Bone witch: gorgeous cover, interesting premise, and witches! But then we started getting to “people get a heart jewel necklace that fills with colour to show their True Selves/Destinies” and I’m so Done with rigid predestination McGuffin stories. I don’t even care enough to see if this gets subverted in the end. Returned to library.

Seraphina by Rachel Hart. A book that’s been on my radar for years, and finally picked up. It’s a legit lovely fantasy story of humans and dragons forging an uneasy truce, but it’s also somewhat dense and just enough second-world that I didn't quite have the brain for it so put it aside.

Finished reading:
My own devices by Dessa. Read sometime back, but I forgot to record. I love her rap music, and pre-ordered her memoir. It's more of a collection of loosely connected essays than an autobiography, and once I realised that I liked it a lot more. She's unsurprisingly really good at putting several disparate concepts in proximity, seemingly rambling about them and then pulling them into an impressive gut-punch at the end of many of the essays/chapters. Do rec.

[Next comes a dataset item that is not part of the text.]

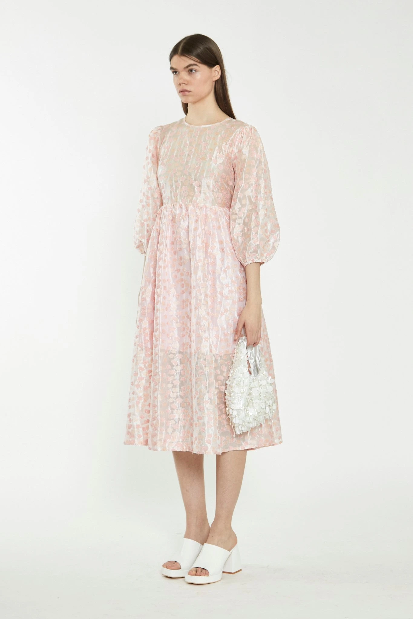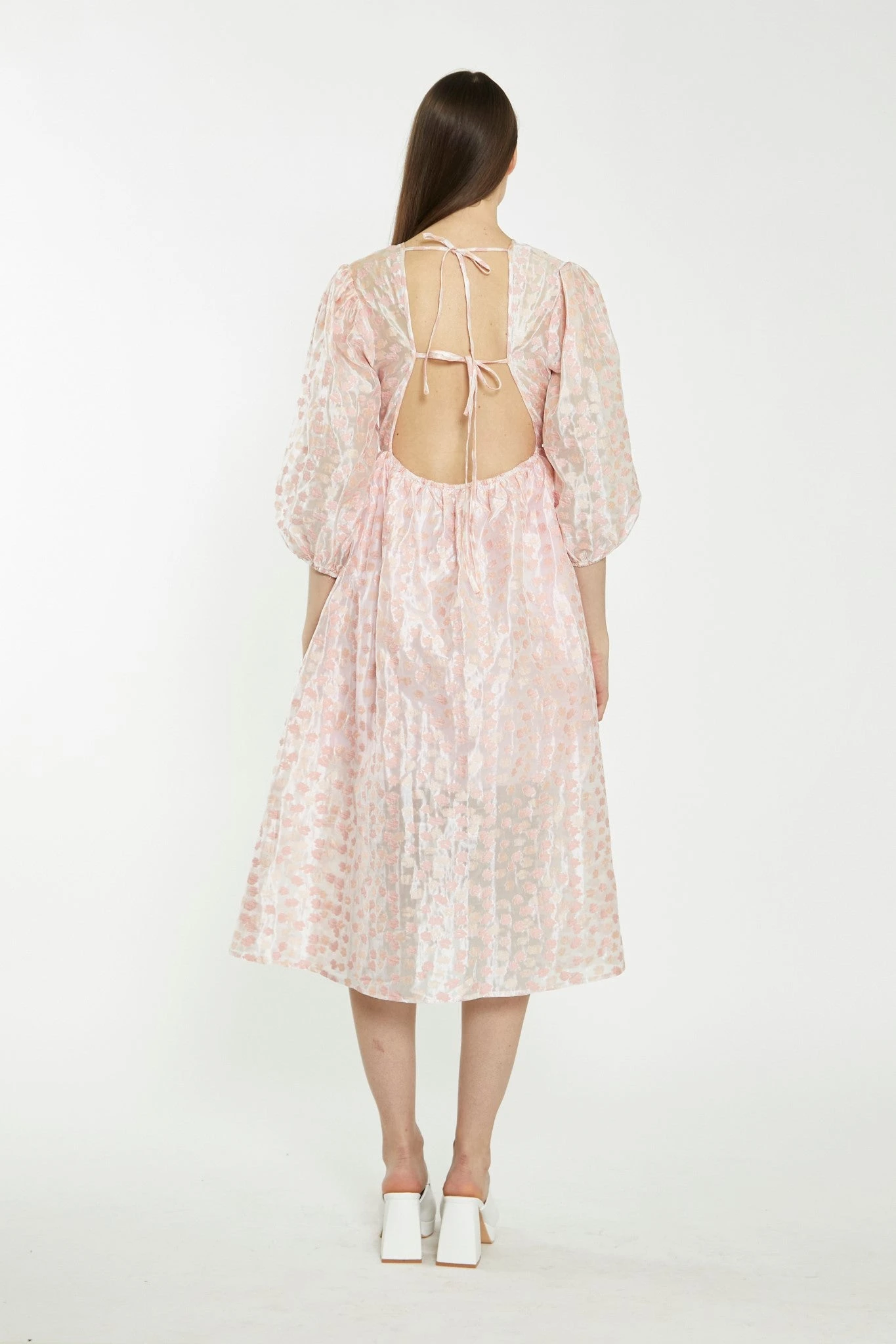 Glamorous Womens Pink Flower Organza Midi Dress. This gorgeous midi dress is an absolute show stopper! Featuring puff sleeves and an open back with tie back detail, you wont regret adding this piece to your wardrobe. Elevate the look with some mule sandals and a mini handbag for an on-trend vibe.

Pirate queen by Morgan Llywelyn. Short telling of the life of (Grace O’Malley) and the conflicts between England and Ireland in the 1500s. Loved it, despite the weird writing, and the lack of any further glossary/bibliography/maps/useful details. I’m desperate for more information about her, but all the biographies I’ve looked up seem to be typo-ridden messes according to reviews, much to my surprise.

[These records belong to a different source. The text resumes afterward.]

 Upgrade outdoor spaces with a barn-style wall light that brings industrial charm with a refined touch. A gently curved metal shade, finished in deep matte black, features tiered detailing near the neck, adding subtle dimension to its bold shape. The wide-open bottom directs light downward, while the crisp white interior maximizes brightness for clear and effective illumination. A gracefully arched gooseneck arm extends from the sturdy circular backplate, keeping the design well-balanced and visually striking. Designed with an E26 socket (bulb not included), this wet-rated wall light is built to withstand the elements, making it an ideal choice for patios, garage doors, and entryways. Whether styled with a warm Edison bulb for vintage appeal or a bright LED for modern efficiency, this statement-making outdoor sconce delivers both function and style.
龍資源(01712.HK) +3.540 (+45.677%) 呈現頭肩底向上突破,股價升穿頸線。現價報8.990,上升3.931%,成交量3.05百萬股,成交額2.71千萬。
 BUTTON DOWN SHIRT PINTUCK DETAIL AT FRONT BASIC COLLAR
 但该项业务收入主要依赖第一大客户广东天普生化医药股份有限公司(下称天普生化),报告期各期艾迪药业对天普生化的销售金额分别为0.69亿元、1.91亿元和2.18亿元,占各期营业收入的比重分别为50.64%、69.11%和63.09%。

Woman world a webcomic(?) in book form. Men die out, right down to the Y-chromosome-sperm in the sperm banks, leaving a world of women. An interconntected series of comics strips with the lightest of narratives strung together with jokes rather than a ‘actual’ story, which wasn’t what I’d expected and threw me for the first half. But I also found myself chuckling out loud quite a lot, so I’m not sure what to make of it. Charming, and A+ for diversity of ages, races, and disabilities.

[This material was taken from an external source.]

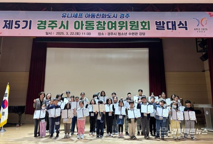 한편 지난해 12월까지 활동한 4기 아동참여위원회는 제2회 아동권리 골든벨, 경주시 아동·청소년 정책 제안 한마당대회 참가 및 아동권리 책자 제작에 참여했다.
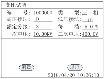 1. In the above figure, select "measure" with the cursor, and press the confirm key to enter into the following automatic step-up page of variable ratio test:

The thing with Finn by Tom Kelly. Younger YA. Picked up because of the title, the charming art of the cover and the first few pages of excellent first person narrator voice that I wanted to curl up with and learn more about. 20 pages in and I’m delighted by 10-year-old Danny, and wanting to see him process whatever (tragic, I’m assuming) thing happened to his twin brother, Finn. (Finished many months ago, and I can remember that there were some devastatingly good lines about feelings and grief as processed through a child’s eye and/or at a child’s level, but I foolishly didn’t write them down). Do rec.

Mandy by Julie Andrews. A darling, sweet story of a girl who lives in an orphanage, and who comes across a cottage in the woods and fixes up the garden and tends to her little patch of the world. I expected this to hit my emotional buttons much more than it actually ended up doing, and I can't quite put my finger on how and why it missed me. Possibly because she doesn't actually ever live in the cottage? It was well written, it just never hooked me, and I'm legit not sure why.